TASK BRIEF -
Write out all the records exactly, and keep any images out.

EXTRACTED ENTRIES -
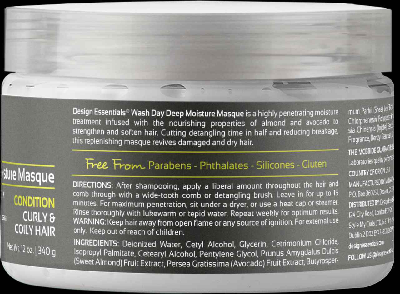 Beautiful hair deserves moisture from the start. Enter our Design Essentials Natural Almond & Avocado Wash Day Deep Moisture Masque. This highly penetrating moisture treatment is infused with the nourishing properties of Almond and Avocado oils to strengthen and soften hair.Combat dry hair with thi...more
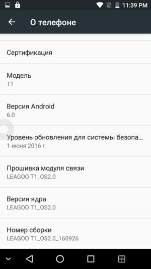 Аппаратная платформа Leagoo T1 строится на SoC MediaTek MT6737. В конфигурацию данного чипа входит четыре процессорных ядра Cortex-A53, работающих на частоте до 1,25 ГГц. За обработку графики отвечает видеоускоритель Mali-T720. Объем ОЗУ составляет лишь 2 ГБ, что по современным меркам немного, а пользовательское хранилище изначально составляет около 11 ГБ из 16. Есть возможность установки карт microSD, официально поддерживается объем до 128 ГБ. На практике наша проверочная карта Transcend Premium microSDXC UHS-1 объемом 128 ГБ была успешно распознана смартфоном. Карту microSD можно использовать для установки приложений, но для этого ее, естественно, придется отформатировать с потерей всех предыдущих данных.
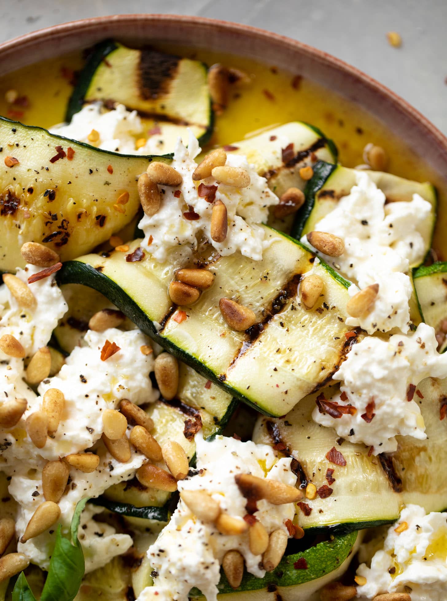 Grilled zucchini with burrata and pine nuts
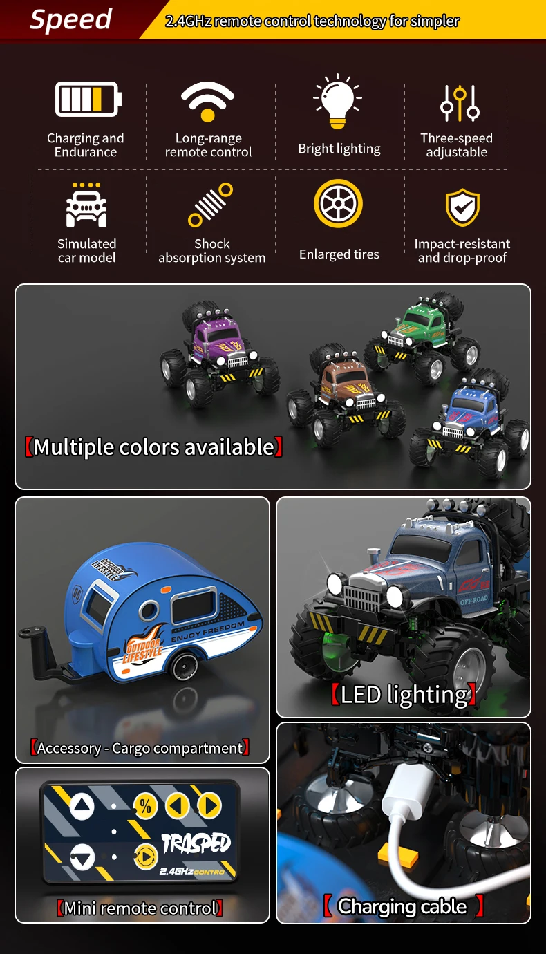Adelante y atrás, dirección izquierda y derecha, con luces, ajuste manual neutro, transmisión electrónica de tres velocidades, demostración automática, control de crucero, módulo de control dual (control remoto más APP)
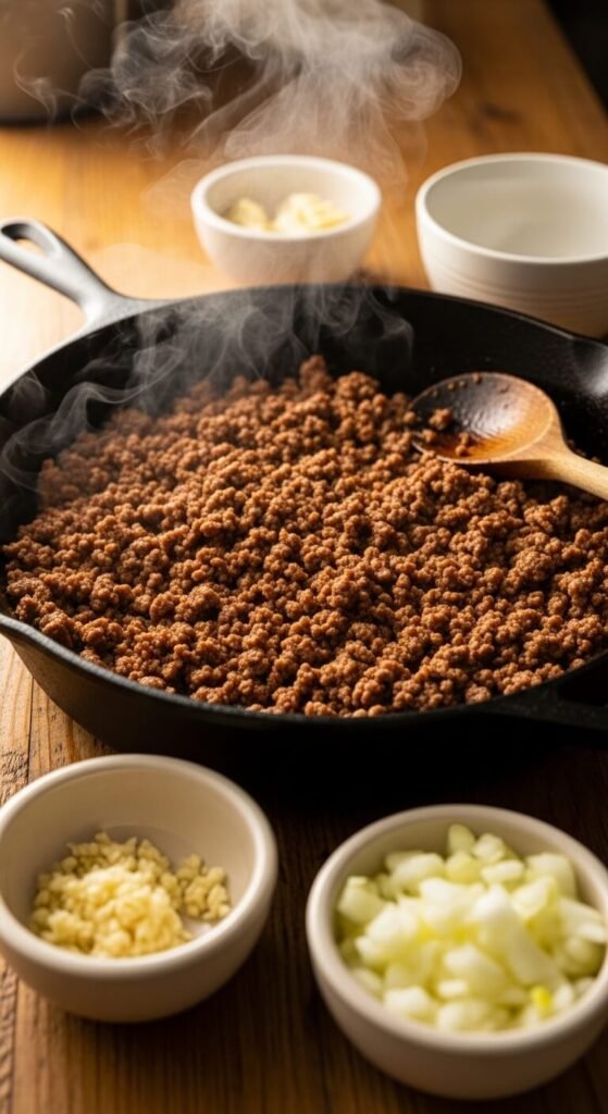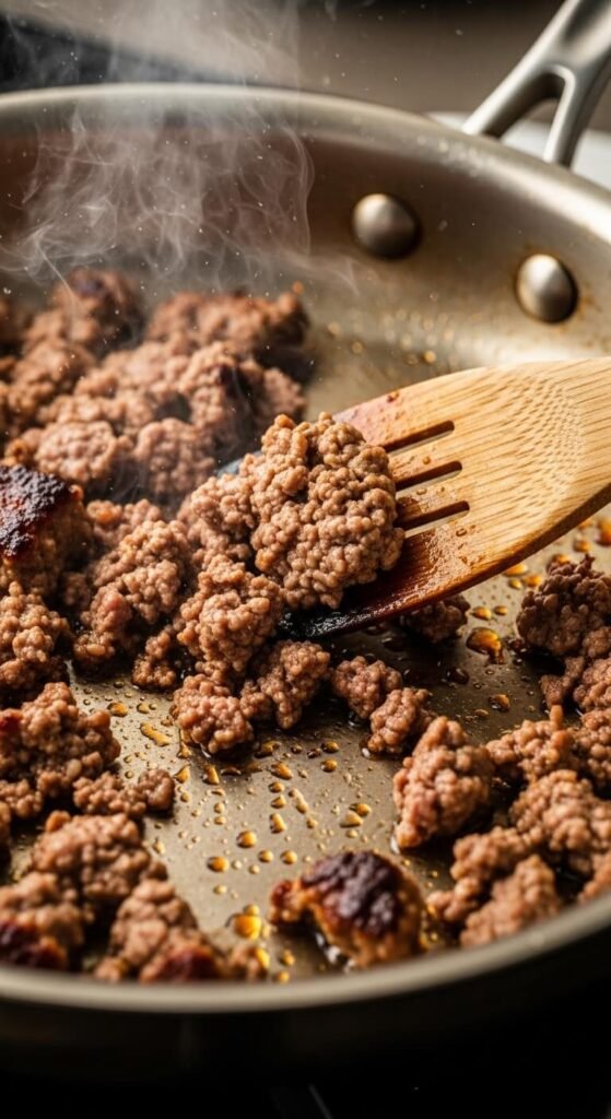 Add the beef, break it into large chunks, and let it sit untouched for 2–3 minutes. You want a golden-brown crust before you start breaking it down further. Then use your spoon to crumble it into smaller pieces.
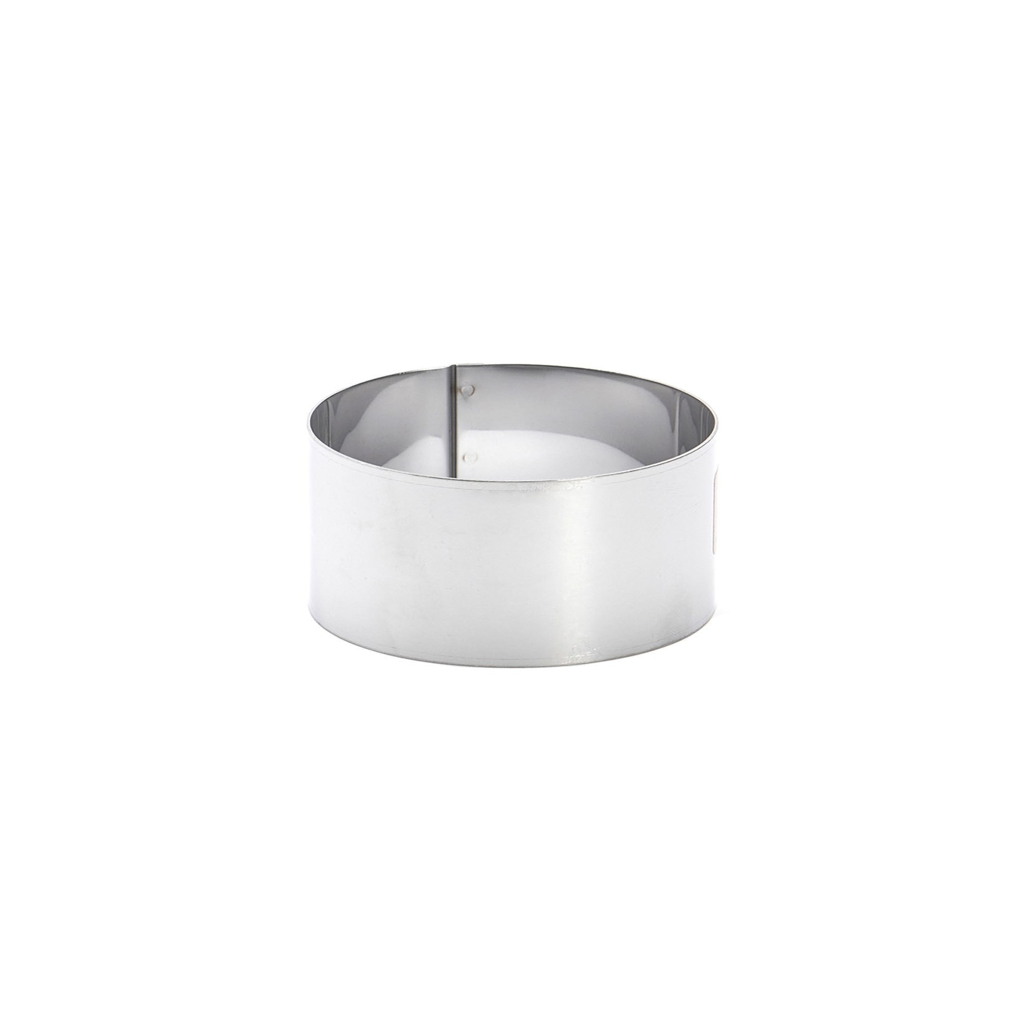 Кръгъл пръстен за тесто с прави ръбове, с височина 4,5 см и диаметър 12 см, изработен от неръждаема стомана, идеален за сглобяване на десерти и студено формоване, произведен от de Buyer.

RESULT FOR THIS EXERCISE -
 Beautiful hair deserves moisture from the start. Enter our Design Essentials Natural Almond & Avocado Wash Day Deep Moisture Masque. This highly penetrating moisture treatment is infused with the nourishing properties of Almond and Avocado oils to strengthen and soften hair.Combat dry hair with thi...more
 Аппаратная платформа Leagoo T1 строится на SoC MediaTek MT6737. В конфигурацию данного чипа входит четыре процессорных ядра Cortex-A53, работающих на частоте до 1,25 ГГц. За обработку графики отвечает видеоускоритель Mali-T720. Объем ОЗУ составляет лишь 2 ГБ, что по современным меркам немного, а пользовательское хранилище изначально составляет около 11 ГБ из 16. Есть возможность установки карт microSD, официально поддерживается объем до 128 ГБ. На практике наша проверочная карта Transcend Premium microSDXC UHS-1 объемом 128 ГБ была успешно распознана смартфоном. Карту microSD можно использовать для установки приложений, но для этого ее, естественно, придется отформатировать с потерей всех предыдущих данных.
 Grilled zucchini with burrata and pine nuts
Adelante y atrás, dirección izquierda y derecha, con luces, ajuste manual neutro, transmisión electrónica de tres velocidades, demostración automática, control de crucero, módulo de control dual (control remoto más APP)
 Add the beef, break it into large chunks, and let it sit untouched for 2–3 minutes. You want a golden-brown crust before you start breaking it down further. Then use your spoon to crumble it into smaller pieces.
 Кръгъл пръстен за тесто с прави ръбове, с височина 4,5 см и диаметър 12 см, изработен от неръждаема стомана, идеален за сглобяване на десерти и студено формоване, произведен от de Buyer.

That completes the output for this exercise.